In addition to these 2 files, you may or may not want to use openfold to generate the msa features. For example, you can run the msa stage of alphafold2 and then take the msa directories coming out of that by pointing to that directory with the --use_precomputed_alignments flag.
In the test directory, you will find the CDK case: there you have pyTorch dictionaries, sequences and precomputed msa files to run predict_with_crosslinks.py. If you want, we can also add the space separated restraint file instead (it looks very much like the one in the ReadMe).
Hope this helps!
from alphalink.
Thanks it helps. It would be helpful to have the space separated restraint file for the CDK example (this would be the data informed by crosslinking MS data, correct?). And if I understand, then I do not need the preprocessing_distributions and may follow the 'default representation'? Having those data in text form rather than pyTorch dictionary would be helpful as I am not (yet?) very familiar with the representation and our own data would be closer to the text form.
from alphalink.
I uploaded the corresponding CSV files. Note that CDK was a theoretical experiment (proof-of-concept), the links correspond to simulated data. The real data for the membrane set is also in the git (still in PyTorch format though).

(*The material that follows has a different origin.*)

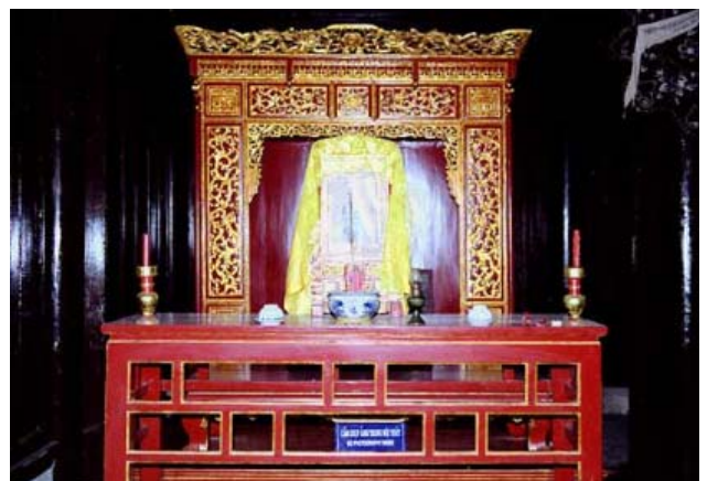
Autel funéraire de Duc Duc

Et pourtant, le tombeau de Duc Duc est beau, avec le magnifique temple de Long An au centre de la nécropole (qui couvre à peine un demi-hectare) d'une architecture fine et traditionnelle de Huê - alors que celui de Khai Dinh est mâtiné d'Occident - mais surtout par son origine : c'est son fils qui l'a fait ériger. Or, nos anciens monarques faisaient d'habitude bâtir leur dernière demeure de leur vivant, comme nous le savons. Et ces tombeaux comportent normalement un pavillon dit de la stèle, ladite stèle (une plaque de minéral précieux gravée) relatant les mérites vrais ou prétendus des défunts. Le tombeau de Duc Duc ne comporte pas de stèle, mais 3 autels funéraires assez similaires, dédiés aux mânes des trois rois.

Yes, for the CDK example you can use the CSV directly as an input to the photo-AA network.
For your data, you could do the same, if your data is close to 10A. If you need a different cutoff, you would need to use the distogram network. Here you could use the contacts_to_distograms.py to preprocess your CSV data (same format as the input to the network ("default representation")).
from alphalink.
Hi,
Could you share some detailed commands to play with -neff flag? should we run it with predict_with_crosslinks.py script?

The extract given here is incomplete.